** Opening DATA SEGMENT block **

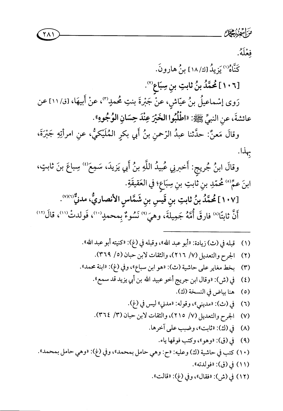 (¬٢) الجرح والتعديل (٧/ ٢١٦)، والثقات لابن حبان (٥/ ٣٦٩).
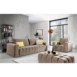 Sada nábytku Lazaro je stylový kousek, který vylepší zážitek z vkusného interiérového designu, ovlivňující jak estetické pocity, tak maximální pohodlí a komfort. Taková sada udělá z trávení času doma skutečné potěšení. Naše nábytek jistě upoutá pozornost stylovým prošíváním na sedáku a šitím na stranách. Charakteristické rysy naší pohovky, která měří 245 x 97 x 85 cm, zahrnují: originální sedák, vyplněný kombinací pěny T25 a HR pěny, tvarované opěradlo, široké područky a širokou škálu barevných možností při výběru nábytku. Je také třeba poznamenat, že pohovku lze velmi snadno a rychle přeměnit na spací plochu o rozměrech 195 x 125 cm. Je doplněn úložným prostorem na lůžkoviny, který je podporován automatickým systémem rozkládání DL. Nelze také nezmínit křeslo a taburet. Rozměry prvního: 108 x 89 x 85, stejně jako druhého: 102 x 64 x 40 cm, umožňují jejich umístění do místností různé velikosti. Za zmínku také stojí, že naše puf je multifunkční, protože se může proměnit v další sedací plochu, pohodlnou opěrku nohou nebo stůl. Pohodlná sedadla jsou vyrobena z vlnité pružiny a pěny HR+T21, takže nejvyšší komfort při používání našeho nábytku je 100% zaručen. Sada Lazaro je ztělesněním dobrého stylu a vkusu. Určitě stojí za to mít to ve svém bytě,
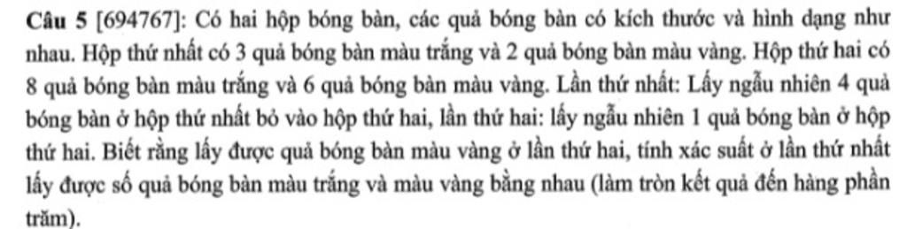 Câu 5 [694767]: Có hai hộp bóng bàn, các quả bóng bàn có kích thước và hình dạng như
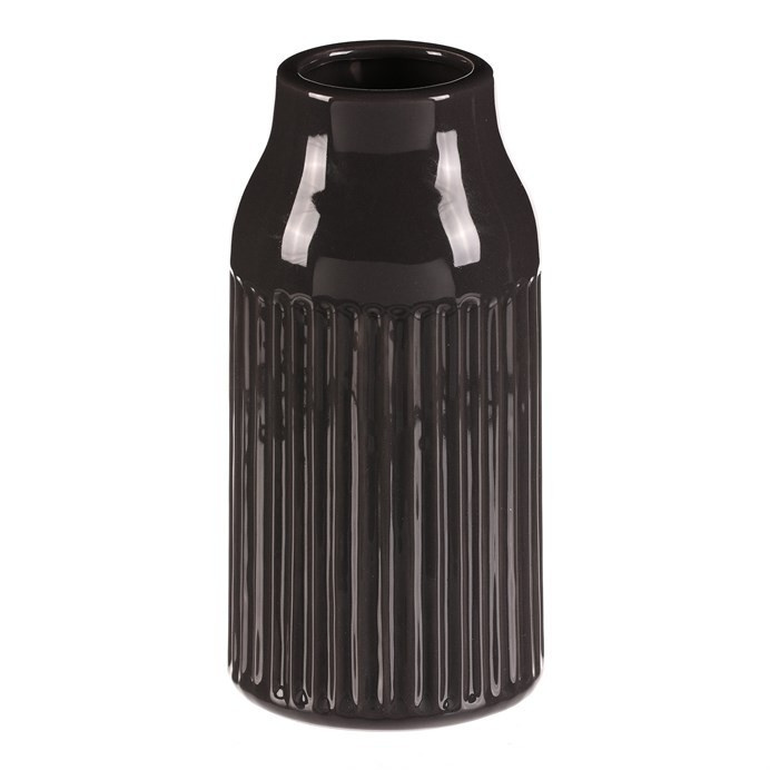 Keramická váza v antracitově šedé glazované barvě se zúženým hrdlem a jemným vzorem svislých vlnek na povrchu, dodá vašemu interiéru elegantní a sofistikovaný vzhled. Jednobarevné provedení a hladký design z ní činí univerzální dekoraci a skvělý základ pro oblíbené květiny. Hodí se tak do jakéhokoli prostoru, ať už na stůl, poličku nebo komodu.

** Closing DATA SEGMENT block **

Set down exactly, line for line, the data from the line that contains "Câu 5 [694767]: Có" through its last line, keeping pictures out.

### [SOLUTION]
 Câu 5 [694767]: Có hai hộp bóng bàn, các quả bóng bàn có kích thước và hình dạng như
 Keramická váza v antracitově šedé glazované barvě se zúženým hrdlem a jemným vzorem svislých vlnek na povrchu, dodá vašemu interiéru elegantní a sofistikovaný vzhled. Jednobarevné provedení a hladký design z ní činí univerzální dekoraci a skvělý základ pro oblíbené květiny. Hodí se tak do jakéhokoli prostoru, ať už na stůl, poličku nebo komodu.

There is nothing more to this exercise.